For example, when one writes $$\int \sin(x) \,\mathrm{d}x = -\cos(x) + k$$ then the status of both $x$ and $k$ is pretty unclear (which quantifier in front of each of these variables?)

Of course, I personally know how to translate this sequence of symbols into a proper mathematical sentence, but for students it seems utterly difficult to give a precise meaning to this, in particular at the stage when we try to explain the distinction between a function and its value at a point, or when we consider functions of several variables.
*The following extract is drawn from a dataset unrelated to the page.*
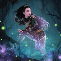 a dynamic pose, suggesting movement or action, possibly casting a spell or interacting with the magical environment she inhabits. The setting includes trees with
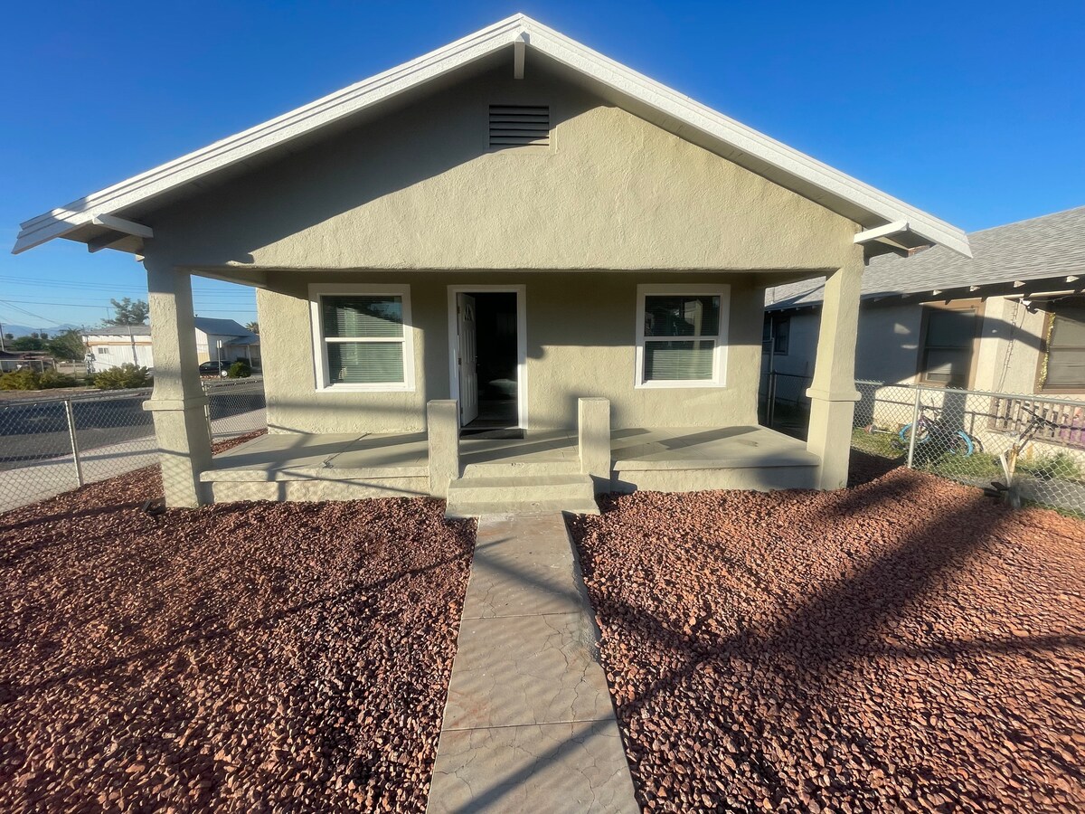 Destino tri-estatal CA, AZ, NV. Deje atrás el ajetreo y el bullicio y disfrute de este hogar lejos del hogar. Ubicado junto a la Ruta 66 y el centro de Needles, encontrará este pequeño encanto vintage de 1925 que ofrece todo lo que necesita y está a solo 5 minutos del río Colorado, a 10 minutos de Pirates Cove, a 20 minutos de Laughlin NV y a 35 minutos de Lake Havasu AZ. Esta casita de 1 dormitorio y 1 baño tiene 1 cama tamaño queen, 1 sofá cama tamaño queen, 1 cama plegable individual, estacionamiento para vehículos recreativos y botes con conexiones, asientos al aire libre, jacuzzi, fogón y mucho más.

In my experience, this kind of notation tend to reinforce the student's habit to see mathematical notation as a kind of voodoo formulas that can be manipulated using certain incantations: no one probably knows what the incantation mean, but using the wrong incantation is forbidden for some reason (maybe it will summon an efreet?). On the contrary, I would like to show them the meaning behind everything we teach them.

For this reason, I try to never use indefinite integrals, relying instead on moving bounds, e.g.: $$\forall a,x \quad \int_a^x \sin(t) \,\mathrm{d}t = -\cos(x)+\cos(a).$$

Questions: what possible issues are there in avoiding completely indefinite integrals? Is there any pedagogical advantage to using them? Is there a third way to go?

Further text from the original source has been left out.